MoviePass Reaches 1 Million Tickets Sold and Turns First Profit
February 20, 2024
MoviePass says it has sold more than 1 million tickets since relaunching last spring, and has also announced the first profitable year in the company’s 13-year history. Co-founder and CEO Stacy Spikes, who purchased the company out of bankruptcy in 2021, is giving artificial intelligence much of the credit for the turnaround. The MoviePass Cinematic Marketplace is an aggregator for the theatrical industry that uses AI and machine learning to improve attendance engagement and ticket sales. Spikes says hitting the milestones “highlights the powerful impact” the technology enhancements have had “from the previous business model.”

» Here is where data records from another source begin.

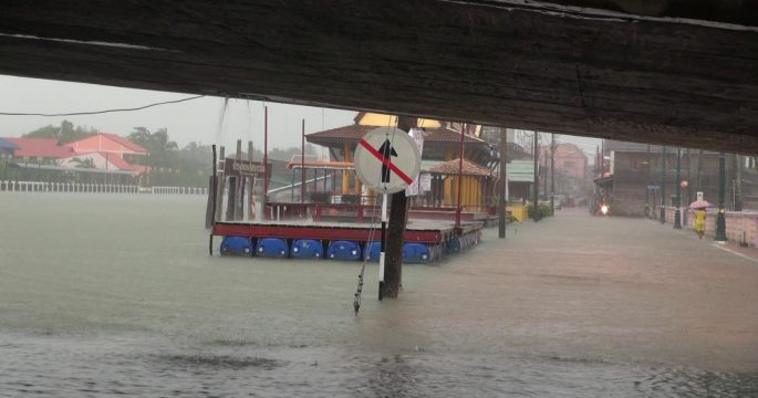ทะเลสาบสงขลาน้ำเอ่อท่วมริมฝั่ง 3 อำเภอคาบสมุทรสทิงพระอีกครั้ง หลังมีฝนตกหนักต่อเนื่องผสมกับน้ำจากพัทลุงและนครศรีธรรมราชไหลมารวมกัน
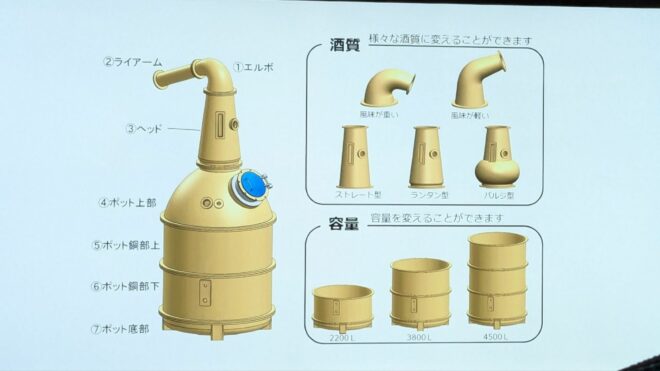 - Those refurbishments were completed in 2017, and in June 2019, the distillery began using the world’s first cast pot stills, dubbed “ZEMON.” Now patented, the stills are an alloy of ~90% copper and ~8% tin. Yup, bronze! Bronze has several advantages over traditional copper pot stills. Tin is the traditional metal for sake cups, and it’s said to make sake more mellow. Using bronze gives the still a rough surface, i.e. more surface area. In a pot still, that means more flavor. For example, furfural, which contributes to sweet caramel-like notes of your distillate, goes from 2.4ppm on a copper still to 19ppm on ZEMON…. a 791% increase. Because ZEMON is cast, it’s also modular — if you want a bigger pot still, you can add more height to the pot portion. The thicker walls and bronze also means ZEMON retains heat far better than thin copper alone. ZEMON can distill 188% more spirit with the same amount of energy a copper still requires.
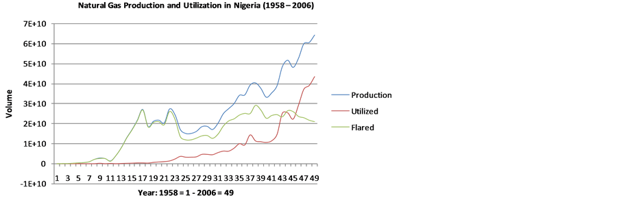 during the first ten years of production, there was zero gas utilized and a geometrical increase in the produced and flared gas. Following this period, a steady increase in the amount of gas utilized while a gradual decline was observed for produced and flared gas for about ten years. However, the plot flattens during the last ten years showing that the volume flared remained constant whereas there was a corresponding sharp increase in the volume utilized with production. Some spikes on the plot at points 16, 23 and 38 corresponding to 1974, 1981 and 1996 represent the highest volume of gas flared. The amount of gas flared was higher than those utilized until 2004.
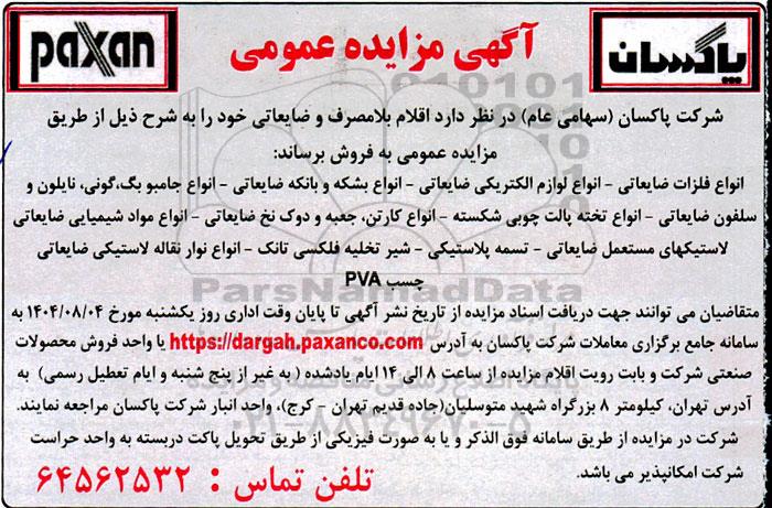 شرکت پاکسان (سهامی عام) در نظر دارد اقلام بلا مصرف و ضایعاتی خود را به شرح ذیل از طریق مزایده عمومی به فروش برساند

MoviePass uses a proprietary algorithm to allocate credits to movies based on a variety of factors, including days of the week and volume of business at participating theaters. MoviePass members pay to subscribe, then purchase tickets using the credits that come with their selected membership level.
The system “helps drive exploration of titles looking to compete against movies with much larger budgets,” according to MoviePass, which says in an announcement “that on average, there is a 40 percent shift to theater location offering the same movie for fewer credits.” The internal research also found that “members increase midweek attendance by 50 percent and go to an average of 2.4 different theater locations while using their MoviePass subscription.”
A CNET reporter says his own interaction with MoviePass found the system offers the most savings for weekday showings, but was priced almost identically to other first-run theater chains when attending “a new movie on a Friday night.” The writer goes on to call the recent milestones “particularly notable” considering the company’s tumultuous past.
Business Insider writes that “the movie-ticket-subscription service had become the butt of jokes for a couple of years when it famously dropped its monthly price to an unsustainable $10 a month in 2017, which led to a predictable bankruptcy.” Inc. recounts the downfall, and says Spikes paid only $140,000 to purchase the company at a liquidaton auction.
Though Spikes hasn’t revealed the number of memberships MoviePass has sold since its relaunch, nor publicly shared revenue, Business Insider says it was able to confirm the CEO’s profitability claim by “viewing internal data.”
Spikes detailed a new MoviePass pricing structure last May.